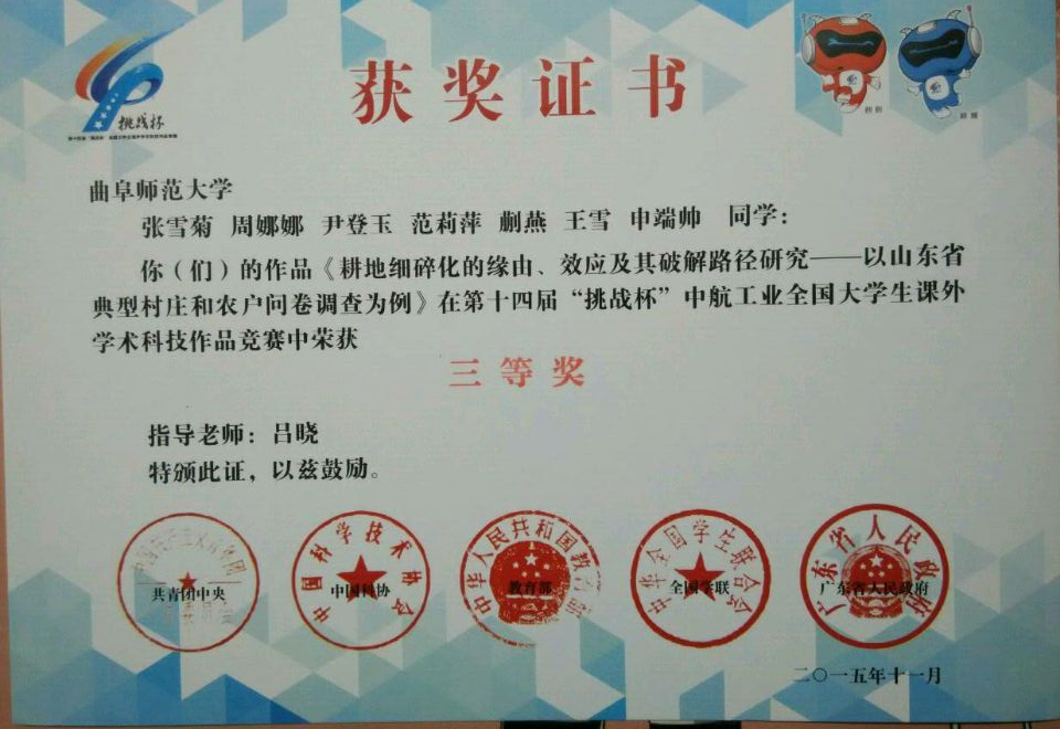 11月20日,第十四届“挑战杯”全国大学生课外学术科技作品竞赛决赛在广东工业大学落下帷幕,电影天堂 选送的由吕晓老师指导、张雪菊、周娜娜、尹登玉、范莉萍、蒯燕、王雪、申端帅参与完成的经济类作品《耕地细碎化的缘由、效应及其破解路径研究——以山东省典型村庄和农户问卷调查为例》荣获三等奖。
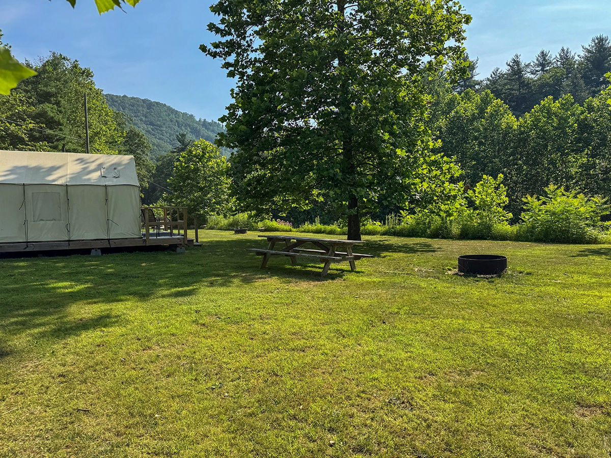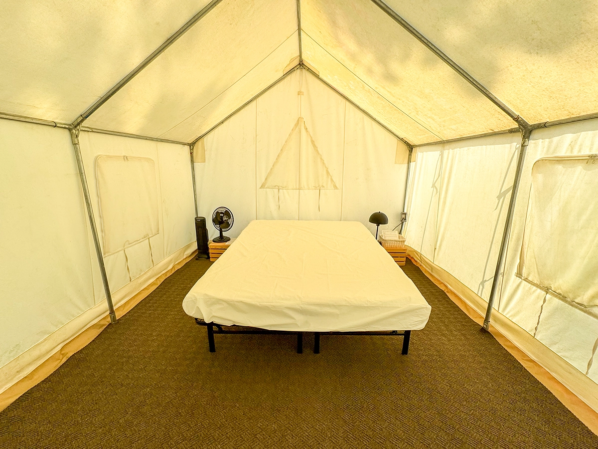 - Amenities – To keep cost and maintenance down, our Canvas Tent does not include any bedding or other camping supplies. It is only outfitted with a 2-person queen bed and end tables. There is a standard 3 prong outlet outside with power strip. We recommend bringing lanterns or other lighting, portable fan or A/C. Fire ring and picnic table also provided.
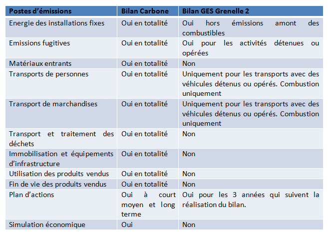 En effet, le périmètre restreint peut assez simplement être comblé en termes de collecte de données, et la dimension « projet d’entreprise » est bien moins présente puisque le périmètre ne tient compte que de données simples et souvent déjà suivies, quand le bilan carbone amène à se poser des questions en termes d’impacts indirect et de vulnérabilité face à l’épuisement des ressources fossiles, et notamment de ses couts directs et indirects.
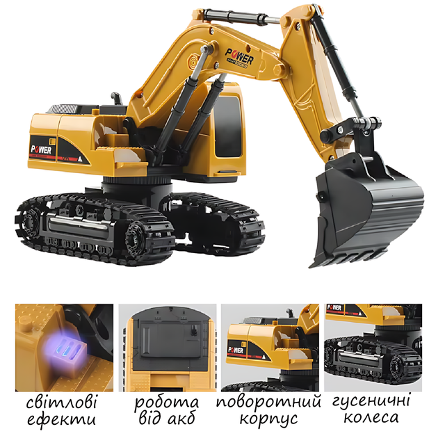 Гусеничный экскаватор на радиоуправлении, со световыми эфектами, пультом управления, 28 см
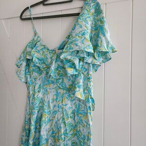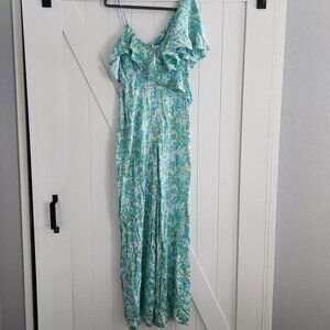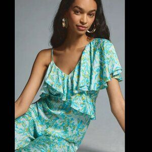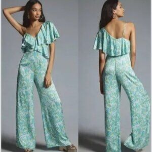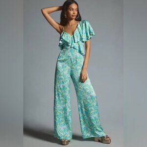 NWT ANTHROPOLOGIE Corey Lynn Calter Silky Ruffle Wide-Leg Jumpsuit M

____________________

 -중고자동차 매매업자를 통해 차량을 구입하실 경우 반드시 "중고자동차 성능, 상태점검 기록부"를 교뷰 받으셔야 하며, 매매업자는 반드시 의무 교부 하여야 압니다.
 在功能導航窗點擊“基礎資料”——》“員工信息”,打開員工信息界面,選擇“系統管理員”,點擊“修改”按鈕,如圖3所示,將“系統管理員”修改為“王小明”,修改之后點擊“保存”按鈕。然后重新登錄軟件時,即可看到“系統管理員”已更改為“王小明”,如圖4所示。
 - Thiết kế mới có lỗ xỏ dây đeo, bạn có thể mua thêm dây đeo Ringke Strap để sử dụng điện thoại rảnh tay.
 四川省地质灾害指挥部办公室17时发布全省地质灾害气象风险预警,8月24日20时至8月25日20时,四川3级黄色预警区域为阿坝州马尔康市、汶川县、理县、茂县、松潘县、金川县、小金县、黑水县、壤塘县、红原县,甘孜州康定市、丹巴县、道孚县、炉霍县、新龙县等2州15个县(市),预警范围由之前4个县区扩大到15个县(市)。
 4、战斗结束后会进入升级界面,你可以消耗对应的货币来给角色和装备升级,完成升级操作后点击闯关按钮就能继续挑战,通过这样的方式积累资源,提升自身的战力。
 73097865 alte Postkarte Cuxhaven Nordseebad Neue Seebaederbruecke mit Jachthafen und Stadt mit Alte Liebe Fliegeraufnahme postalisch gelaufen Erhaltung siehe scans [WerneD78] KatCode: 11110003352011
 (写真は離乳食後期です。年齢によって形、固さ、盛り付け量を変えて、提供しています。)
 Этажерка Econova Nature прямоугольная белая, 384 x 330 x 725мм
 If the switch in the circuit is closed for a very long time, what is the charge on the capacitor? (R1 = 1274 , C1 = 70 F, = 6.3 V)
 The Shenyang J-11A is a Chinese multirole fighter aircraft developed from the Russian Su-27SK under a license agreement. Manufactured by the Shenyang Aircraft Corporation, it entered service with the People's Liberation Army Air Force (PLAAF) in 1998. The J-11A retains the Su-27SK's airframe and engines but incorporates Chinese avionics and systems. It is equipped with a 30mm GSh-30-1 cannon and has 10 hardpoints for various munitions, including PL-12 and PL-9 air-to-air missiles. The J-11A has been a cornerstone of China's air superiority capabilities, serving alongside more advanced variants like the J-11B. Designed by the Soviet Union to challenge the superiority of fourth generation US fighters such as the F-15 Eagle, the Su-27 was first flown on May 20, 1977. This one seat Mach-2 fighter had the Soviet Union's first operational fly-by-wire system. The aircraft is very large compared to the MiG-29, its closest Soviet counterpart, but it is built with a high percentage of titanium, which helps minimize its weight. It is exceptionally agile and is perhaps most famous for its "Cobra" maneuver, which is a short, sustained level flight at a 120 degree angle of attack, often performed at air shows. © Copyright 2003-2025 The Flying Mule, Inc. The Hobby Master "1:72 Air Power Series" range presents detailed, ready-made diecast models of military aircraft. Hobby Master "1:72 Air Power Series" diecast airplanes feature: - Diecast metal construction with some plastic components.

____________________

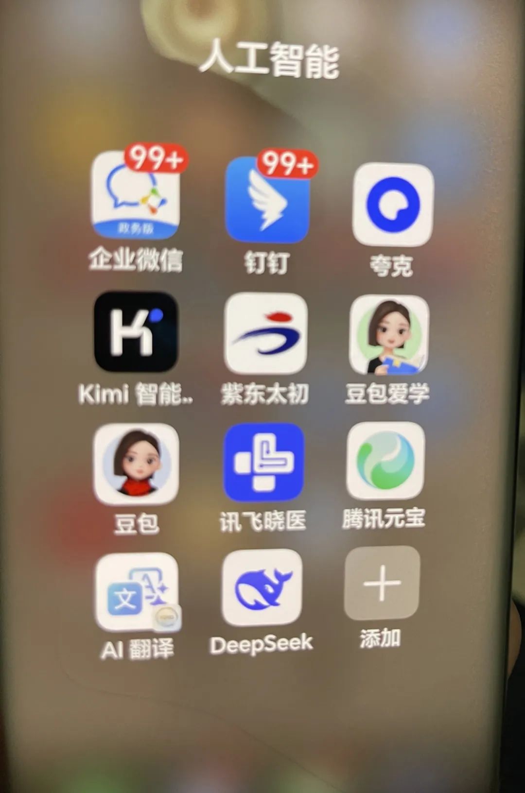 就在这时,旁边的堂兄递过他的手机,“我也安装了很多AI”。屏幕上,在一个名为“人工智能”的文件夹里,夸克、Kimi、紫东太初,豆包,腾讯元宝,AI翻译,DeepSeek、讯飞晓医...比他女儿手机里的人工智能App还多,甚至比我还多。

____________________

● WORK ITEM
The lines above, starting at the one with "- Thiết kế mới" and ending at the one with "Этажерка Econova Nature", are the only ones to return, exactly as written.

● RESULT
 - Thiết kế mới có lỗ xỏ dây đeo, bạn có thể mua thêm dây đeo Ringke Strap để sử dụng điện thoại rảnh tay.
 四川省地质灾害指挥部办公室17时发布全省地质灾害气象风险预警,8月24日20时至8月25日20时,四川3级黄色预警区域为阿坝州马尔康市、汶川县、理县、茂县、松潘县、金川县、小金县、黑水县、壤塘县、红原县,甘孜州康定市、丹巴县、道孚县、炉霍县、新龙县等2州15个县(市),预警范围由之前4个县区扩大到15个县(市)。
 4、战斗结束后会进入升级界面,你可以消耗对应的货币来给角色和装备升级,完成升级操作后点击闯关按钮就能继续挑战,通过这样的方式积累资源,提升自身的战力。
 73097865 alte Postkarte Cuxhaven Nordseebad Neue Seebaederbruecke mit Jachthafen und Stadt mit Alte Liebe Fliegeraufnahme postalisch gelaufen Erhaltung siehe scans [WerneD78] KatCode: 11110003352011
 (写真は離乳食後期です。年齢によって形、固さ、盛り付け量を変えて、提供しています。)
 Этажерка Econova Nature прямоугольная белая, 384 x 330 x 725мм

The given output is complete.